▶ Problem to work on
Line by line, set down all the data below exactly, omitting any picture.

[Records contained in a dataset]

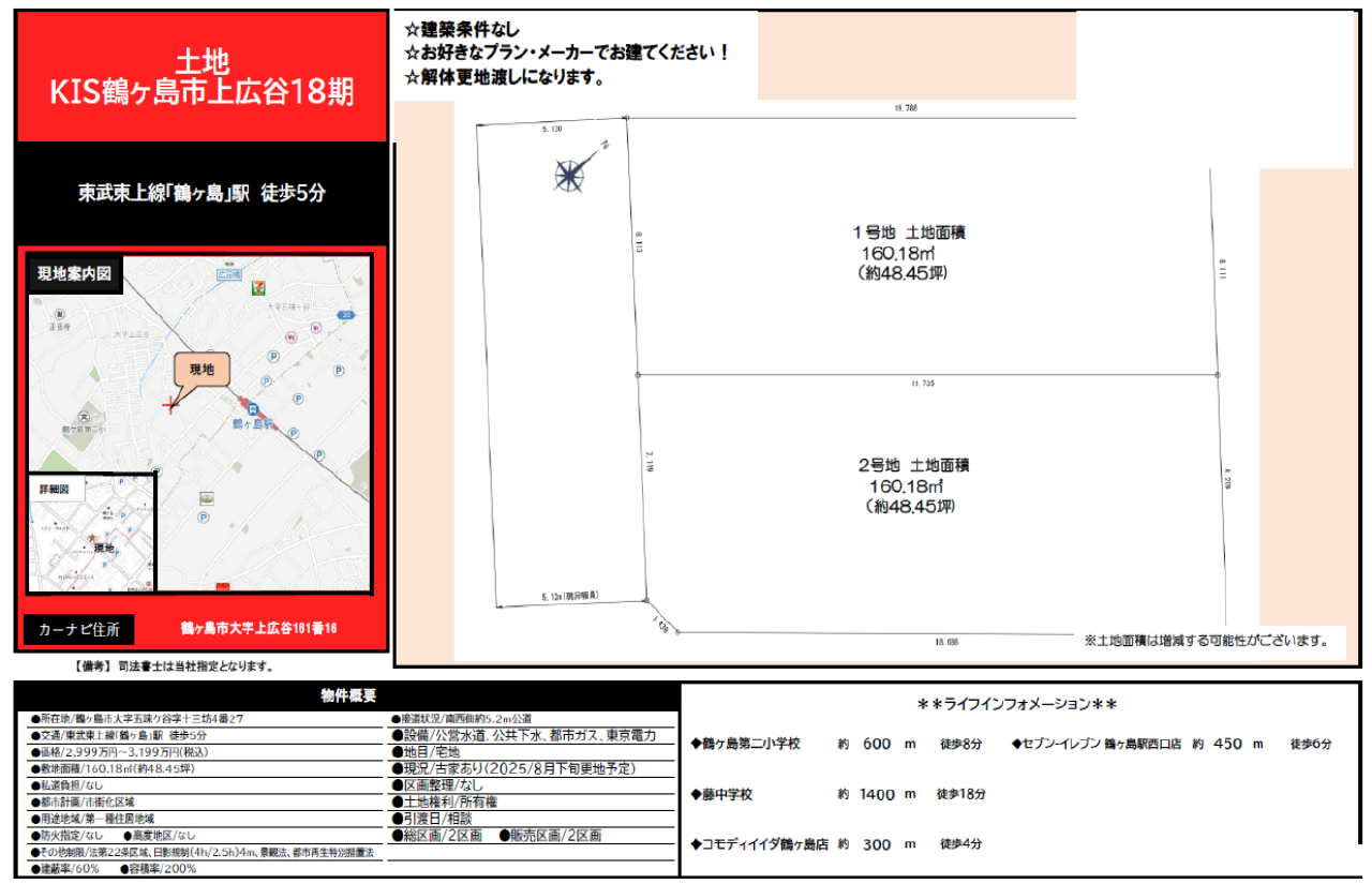 鶴ヶ島市上広谷18期 建築条件無し売地 全2区画
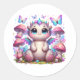 dino pastel chubby com cogumelos e borboletas Adesivo redondo clássico
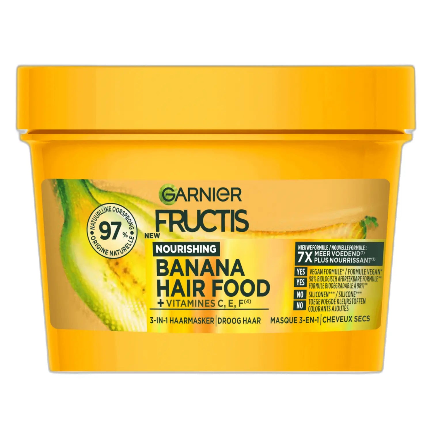 Die Garnier Fructis Hair Food Banana 3-in-1 Hair Mask ist deine ultimative Rettung für trockenes Haar. Diese cremige, weiche Formel mit Bananenextrakt nährt deine Haarsträhnen intensiv, ohne sie zu beschweren. Die erneuerte Formel ist mit Vitamin C, E und F geboostet und mit Sheabutter angereichert für zusätzliche Pflege.
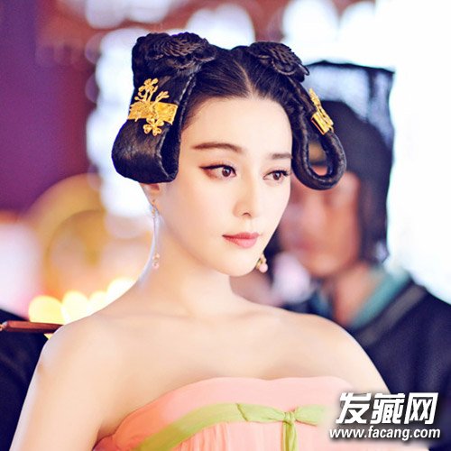 这款发型是范冰冰扮演的武如意初入宫闺,着一席粉色纱裙灵动婀娜,而发型则是用的双环垂髻,是当时唐代最为流行的,在头的两侧各盘成上卷下垂环,展现出了稚气未脱的少女情怀,简直颜值爆表。
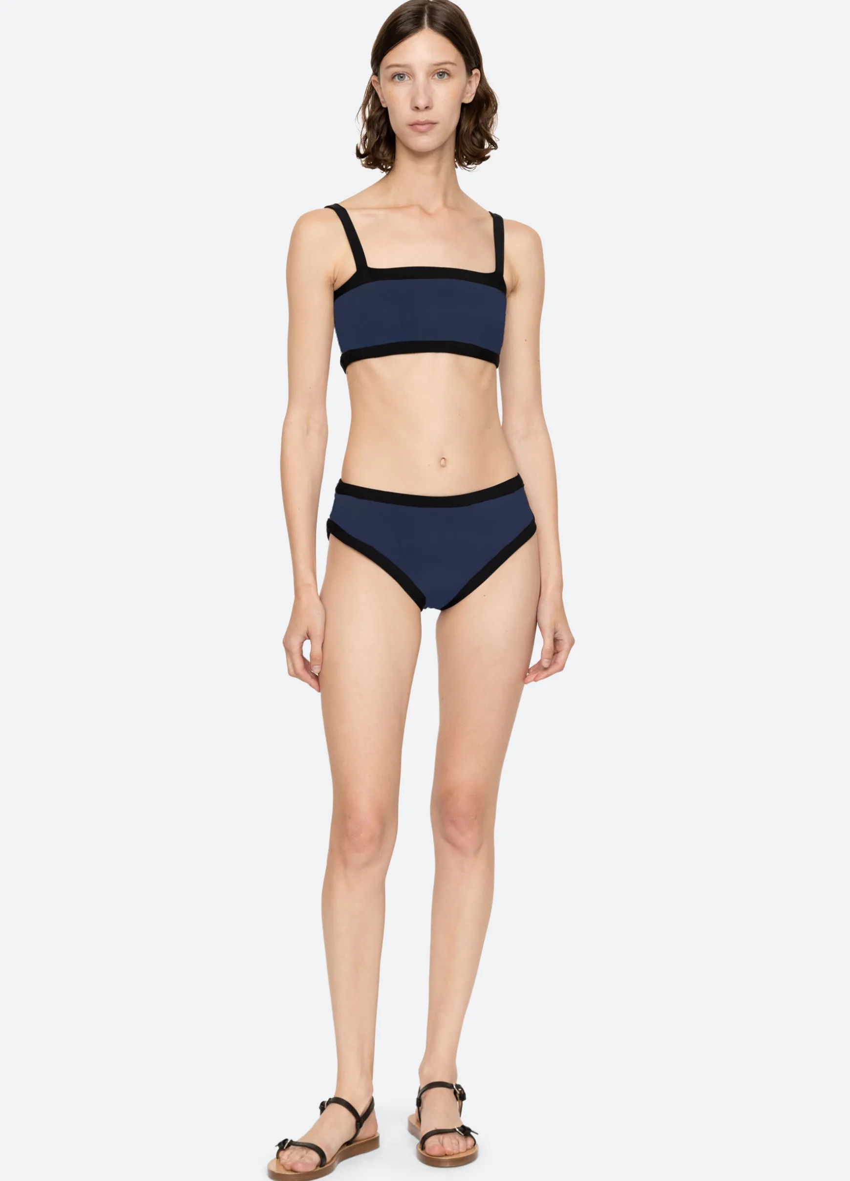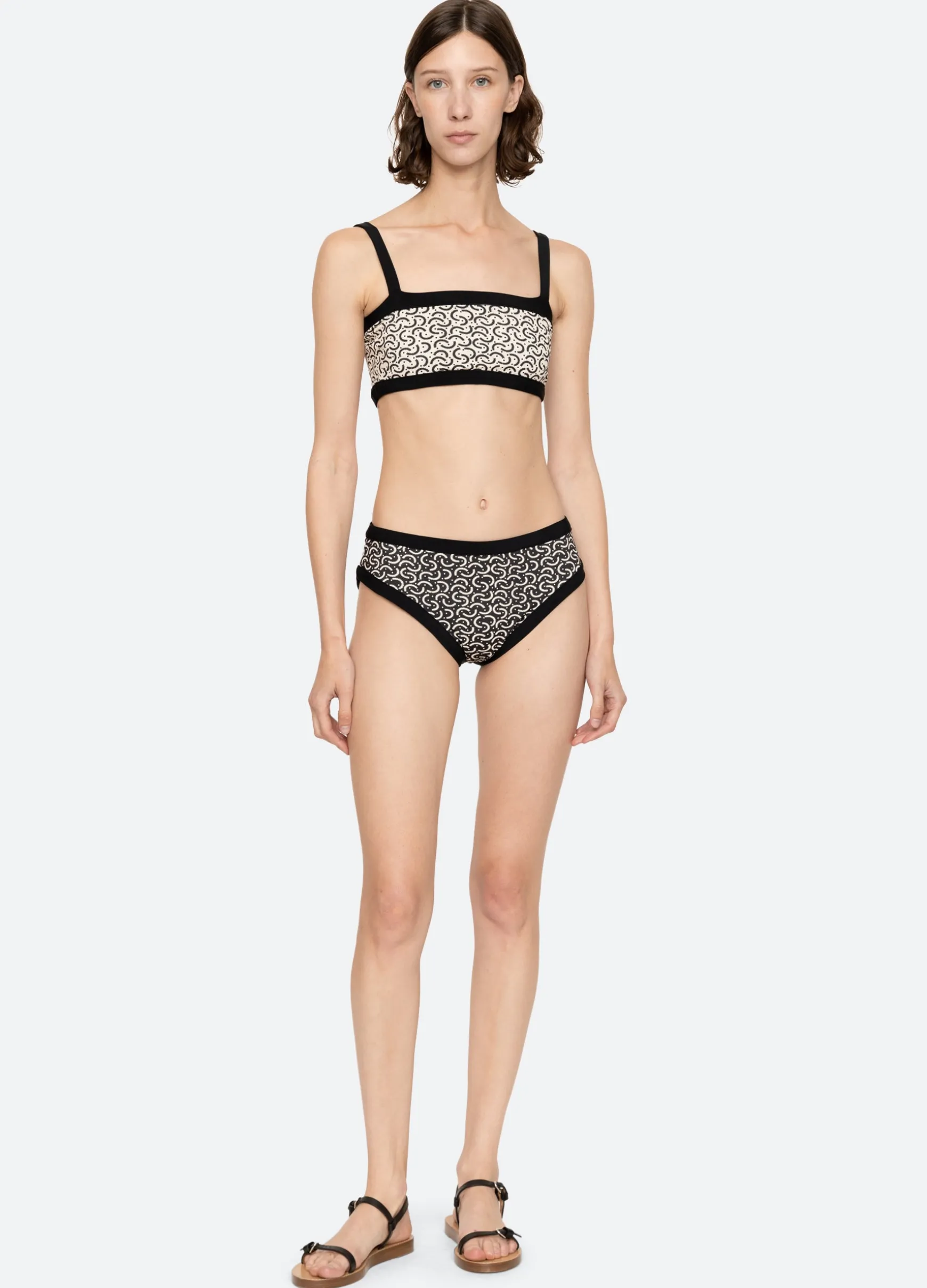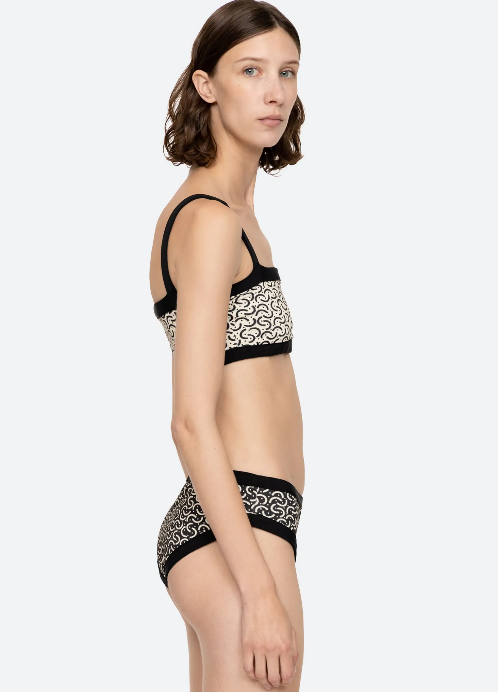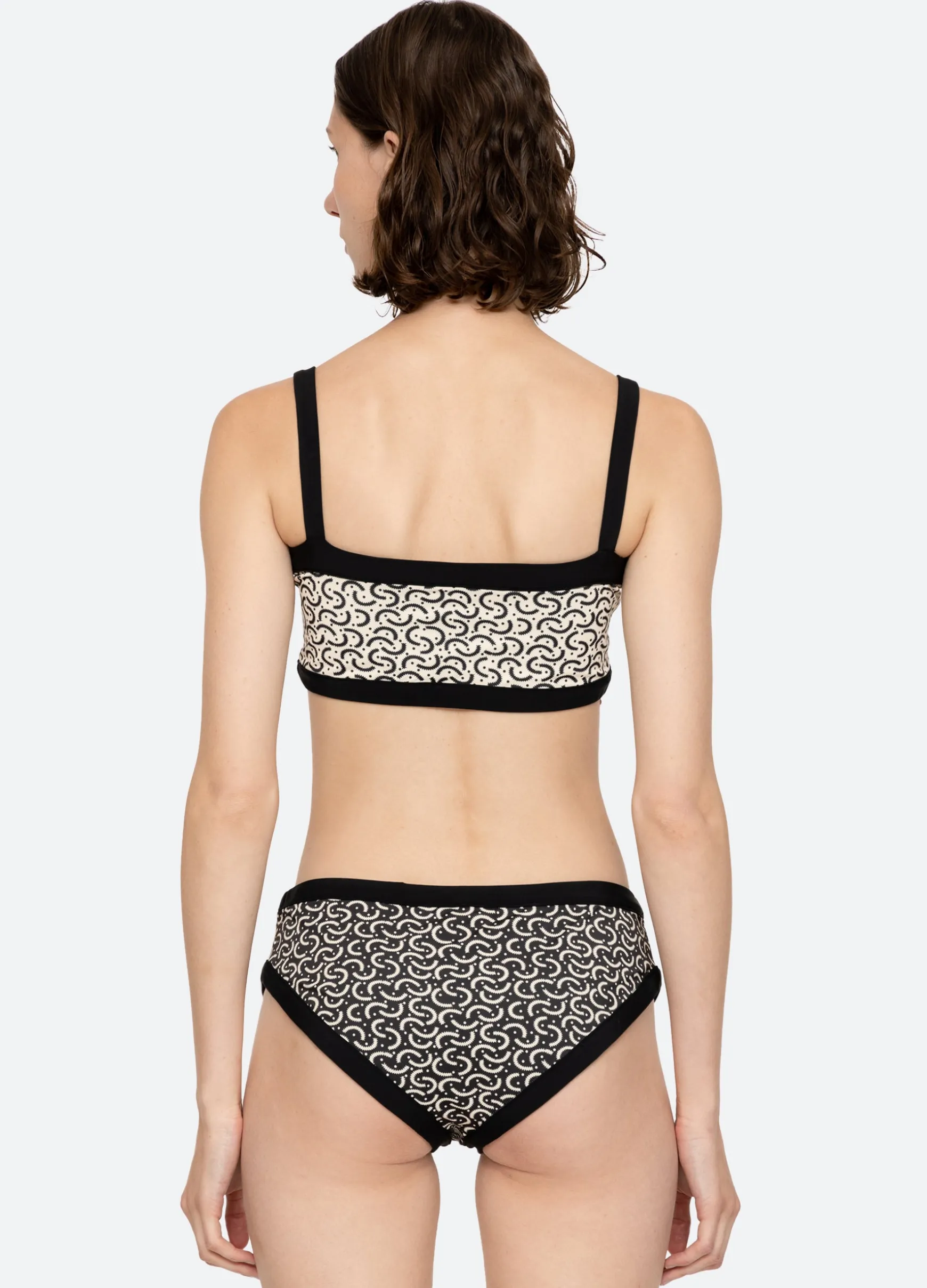 The Panna reversible bikini top features a contrasting border and a geometric print that reverses into a solid.

▶ The completed task
 鶴ヶ島市上広谷18期 建築条件無し売地 全2区画
 dino pastel chubby com cogumelos e borboletas Adesivo redondo clássico
 Die Garnier Fructis Hair Food Banana 3-in-1 Hair Mask ist deine ultimative Rettung für trockenes Haar. Diese cremige, weiche Formel mit Bananenextrakt nährt deine Haarsträhnen intensiv, ohne sie zu beschweren. Die erneuerte Formel ist mit Vitamin C, E und F geboostet und mit Sheabutter angereichert für zusätzliche Pflege.
 这款发型是范冰冰扮演的武如意初入宫闺,着一席粉色纱裙灵动婀娜,而发型则是用的双环垂髻,是当时唐代最为流行的,在头的两侧各盘成上卷下垂环,展现出了稚气未脱的少女情怀,简直颜值爆表。
 The Panna reversible bikini top features a contrasting border and a geometric print that reverses into a solid.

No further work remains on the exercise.